### AIM OF THE EXERCISE:
Using the data below, transcribe exactly everything from the line that contains "15 March 2020" down to the line that contains "Häkelmuster in der". Include both of those lines and none of the pictures.

### DATA TO EXAMINE:

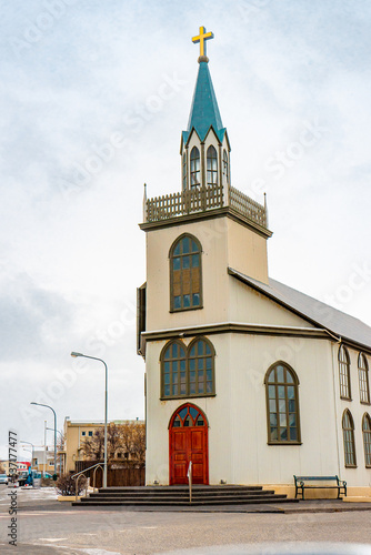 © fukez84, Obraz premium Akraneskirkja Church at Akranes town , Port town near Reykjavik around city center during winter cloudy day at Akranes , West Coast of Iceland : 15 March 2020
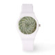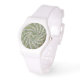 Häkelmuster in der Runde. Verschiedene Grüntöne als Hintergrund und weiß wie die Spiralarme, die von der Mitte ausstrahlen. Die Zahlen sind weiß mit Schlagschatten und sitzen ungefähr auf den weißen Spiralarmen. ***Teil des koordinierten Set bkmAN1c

* * *

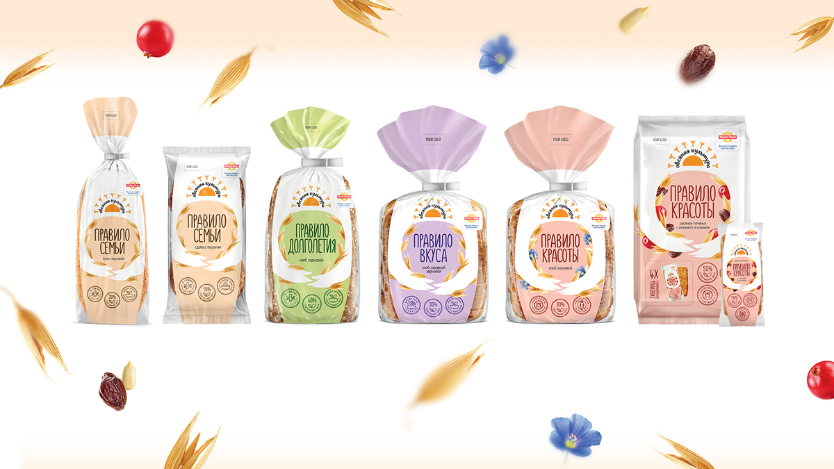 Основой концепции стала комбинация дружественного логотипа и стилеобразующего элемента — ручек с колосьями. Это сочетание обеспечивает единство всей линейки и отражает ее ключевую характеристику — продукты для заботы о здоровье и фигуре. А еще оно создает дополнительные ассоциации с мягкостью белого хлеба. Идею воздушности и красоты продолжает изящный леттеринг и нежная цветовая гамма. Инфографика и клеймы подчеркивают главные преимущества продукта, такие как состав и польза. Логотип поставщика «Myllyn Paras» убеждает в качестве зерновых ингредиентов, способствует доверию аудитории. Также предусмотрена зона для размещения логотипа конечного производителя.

---

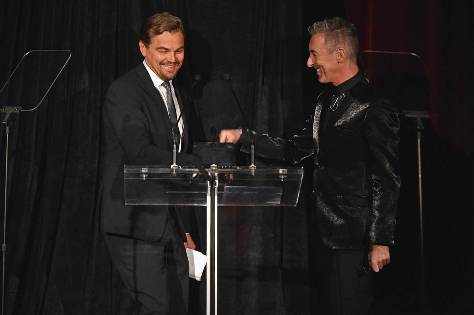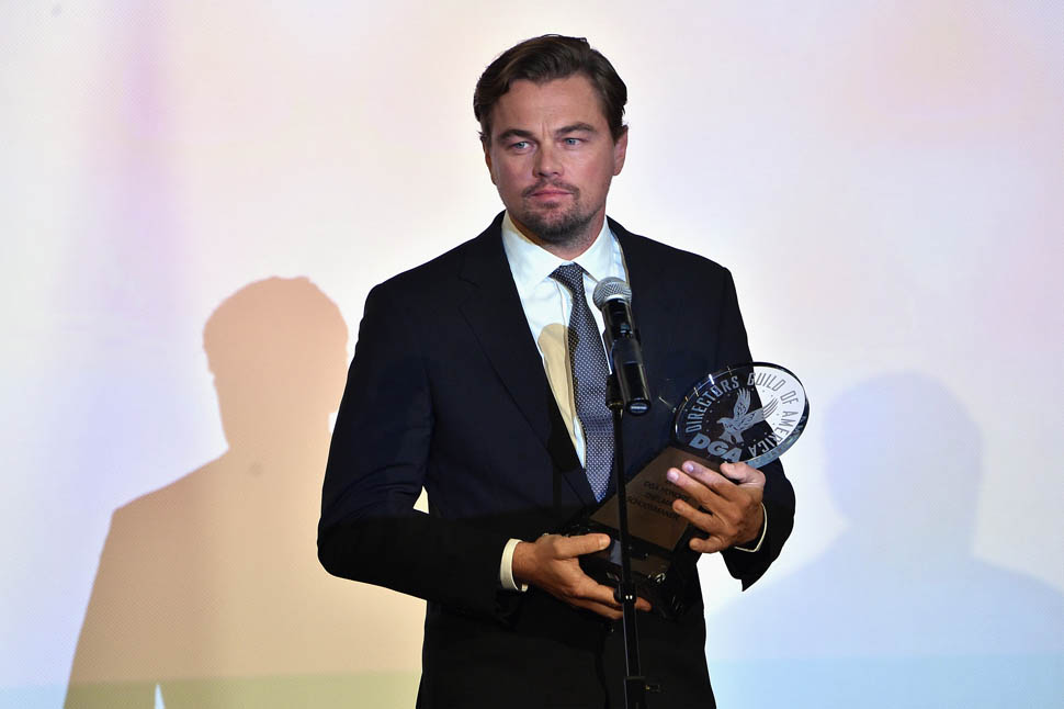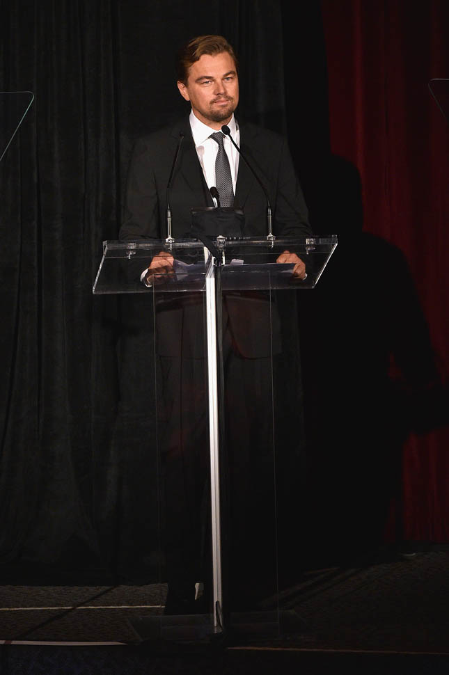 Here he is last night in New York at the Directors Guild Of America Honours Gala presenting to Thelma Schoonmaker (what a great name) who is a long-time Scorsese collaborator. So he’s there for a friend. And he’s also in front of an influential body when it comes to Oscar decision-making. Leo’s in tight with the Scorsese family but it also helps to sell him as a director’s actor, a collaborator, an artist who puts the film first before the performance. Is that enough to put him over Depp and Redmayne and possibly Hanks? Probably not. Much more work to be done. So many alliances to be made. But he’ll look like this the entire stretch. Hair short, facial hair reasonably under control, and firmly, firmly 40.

### ANSWER SPACE:
 © fukez84, Obraz premium Akraneskirkja Church at Akranes town , Port town near Reykjavik around city center during winter cloudy day at Akranes , West Coast of Iceland : 15 March 2020
 Häkelmuster in der Runde. Verschiedene Grüntöne als Hintergrund und weiß wie die Spiralarme, die von der Mitte ausstrahlen. Die Zahlen sind weiß mit Schlagschatten und sitzen ungefähr auf den weißen Spiralarmen. ***Teil des koordinierten Set bkmAN1c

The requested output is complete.